The human thing to do would be for the “editor” among you who made this decision to apologize.

The purpose of being a writer is to increase understanding in this world. To add to the empathy we have for one another. If you cause other human beings pain in order to make a buck, why not admit that what you are publishing is not writing or journalism or anything worthy of reading. You’re selling death porn.

In a way, your headline vivified reading that I had been doing just last night. I was reading a Nobel Prize winner, a writer whom I have admired since I was a teenager. He was criticizing writer friends of his who had attacked  him for his public criticism of the murderous behavior of a country’s government that many in the artistic community thought should be above reproach because it was under attack from right-wing enemies who wanted to bring that government down.

He wrote:

“But it seems to me that there is another ambition that ought to belong to all writers; to bear witness, every time it is possible, insofar as our talent allows, for those who are as enslaved as we are. That is the very ambition that you questioned in your article, and I shall consistently refuse you the right to question it so long as the murder of a man angers you only when that man shares your ideas.”

It’s funny that the words written by Albert Camus in 1948 should feel so relevant now. Would you have perhaps shown a shred more decency if this air crash had taken place in the United States? Or do you only laugh and point at others if they’re foreigners?

Sincerely,

I realize that The Daily Beast doesn't care what I think of it, and my disappearance from its daily subscription list, and my decision to never visit its site again, will not do any damage. Unless, of course, those of you reading this were to make a similar decision. I can't speak for you.

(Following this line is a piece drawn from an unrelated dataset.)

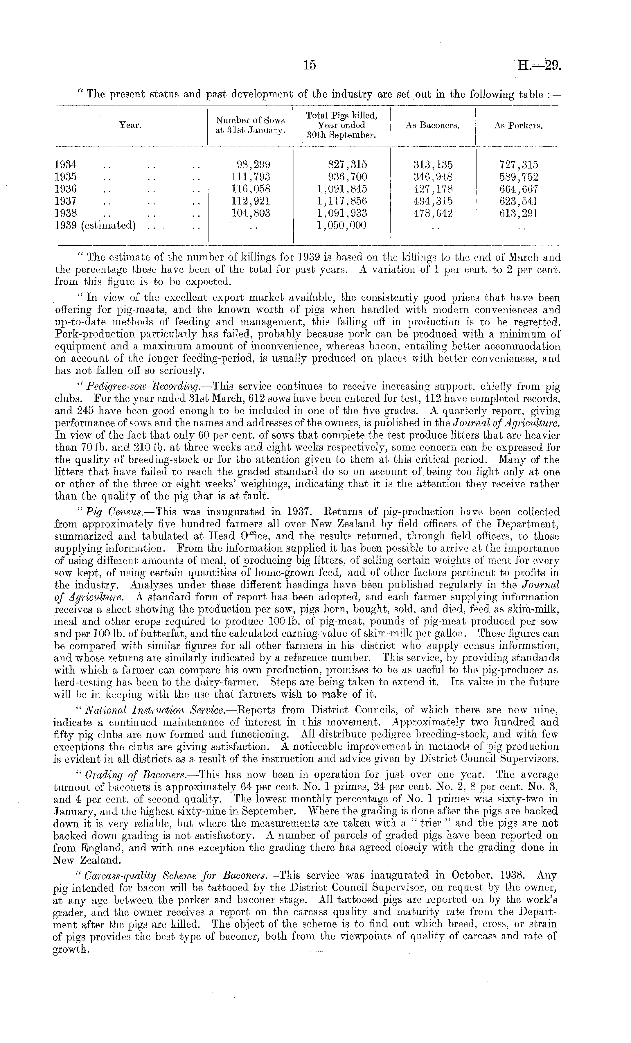 " The estimate of the number of killings for 1939 is based on the killings to the end of March and the percentage these have been of the total for past years. A variation of 1 per cent, to 2 per cent, from this figure is to be expected. " In view of the excellent export market available, the consistently good prices that have been offering for pig-meats, and. the known worth of pigs when handled with modern conveniences and up-to-date methods of feeding and management, this falling off in production is to be regretted. Pork-production particularly has failed, probably because pork can be produced with a minimum of equipment and a maximum amount of inconvenience, whereas bacon, entailing better accommodation on account of the longer feeding-period, is usually produced on places with better conveniences, and has not fallen oft' so seriously. " Pedigree-sow Recording.—This service continues to receive increasing support, chiefly from pig clubs. For the year ended 31st March, 612 sows have been entered for test, 412 have completed records, and 245 have been good enough to be included in one of the five grades. A quarterly report, giving performance of sows and the names and addresses of the owners, is published in the Journal of Agriculture. In view of the fact that only 60 per cent, of sows that complete the test produce litters that are heavier than 70 lb. and 210 lb. at ,three weeks and eight weeks respectively, some concern can be expressed for the quality of breeding-stock or for the attention given to them at this critical period. Many of the litters that have failed to reach the graded standard do so on account of being too light only at one or other of the three or eight weeks' weighings, indicating that it is the attention they receive rather than the quality of the pig that is at fault. "Pig Census. —This was inaugurated in 1937. Returns of pig-production have been collected from approximately five hundred farmers all over New Zealand by field officers of the Department, summarized and tabulated at Head Office, and the results returned, through field officers, to those supplying information. From the information supplied it has been possible to arrive at the importance of using different amounts of meal, of producing big litters, of selling certain weights of meat for every sow kept, of using certain quantities of home-grown feed, and of other factors pertinent to profits in the industry. Analyses under these different headings have been published regularly in the Journal of Agriculture. A standard form of report has been adopted, and each farmer supplying information receives a sheet showing the production per sow, pigs born, bought, sold, and died, feed as skim-milk, meal and other crops required to produce 100 lb. of pig-meat, pounds of pig-meat produced per sow and per 100 11). of butterfat, and the calculated earning-value of skim-milk per gallon. These figures can be compared with similar figures for all other farmers in his district who supply census information, and whose returns are similarly indicated by a reference number. This service, by providing standards with which a farmer can compare his own production, promises to be as useful to the pig-producer as herd-testing has been to the dairy-farmer. Steps are being taken to extend it. Its value in the future will be in keeping with the use that farmers wish to make of it. " National Instruction Service. —Reports from District Councils, of which there are now nine, indicate a continued maintenance of interest in this movement. Approximately two hundred and fifty pig clubs are now formed and functioning. All distribute pedigree breeding-stock, and with few exceptions the clubs are giving satisfaction. A noticeable improvement in methods of pig-production is evident in all districts as a result of the instruction and advice given by District Council Supervisors. " Grading of Baconers. —This has now been in operation for just over one year. The average turnout of baconers is approximately 64 per cent. No. 1 primes, 24 per cent. No. 2, 8 per cent. No. 3, and 4 per cent, of second quality. The lowest monthly percentage of No. 1 primes was sixty-two in January, and the highest sixty-nine in September. Where the grading is done after the pigs are backed down it is very reliable, but where the measurements are taken with a " trier " and the pigs are not backed down grading is not satisfactory. A number of parcels of graded pigs have been reported on from England, and with one exception the grading there has agreed closely with the grading done in Now Zealand. " Carcass-quality Scheme for Baconers. —This service was inaugurated in October, 1938. Any pig intended for bacon will be tattooed by the District Council Supervisor, on request by the owner, at any age between the porker and baconer stage. All tattooed pigs are reported on by the work's grader, and the owner receives a report on the carcass quality and maturity rate from the Department after the pigs are killed. The object of the scheme is to find out which breed, cross, or strain of pigs provides the best type of baconer, both from the viewpoints of quality of carcass and rate of growth.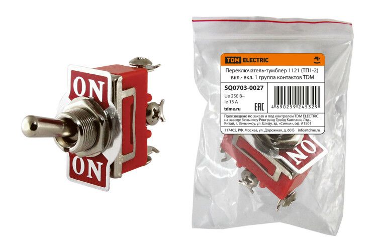 Переключатель-тумблер 1121 (ТП1-2) вкл.- вкл. 1 группа контактов SQ0703-0027 TDM ELECTRIC - это удобное и надежное устройство, предназначенное для использования в электрощитах, промышленном оборудовании и объектах электроснабжения.

But I refuse to add to a culture of death as entertainment. I refuse to support writing and editorial decisions that erodes the humanity of all who come into contact with its skeevy approach. It does no good to complain about this sick culture if one is willing to continue to patronize its merchants. I'm not willing to do that. I hope that some of you join me. Let editorial@dailybeast.com know that it has lost one more viewer. Sure. It's a grain of sand on the beach. But at least it might make you feel less polluted by having come in contact with its rot.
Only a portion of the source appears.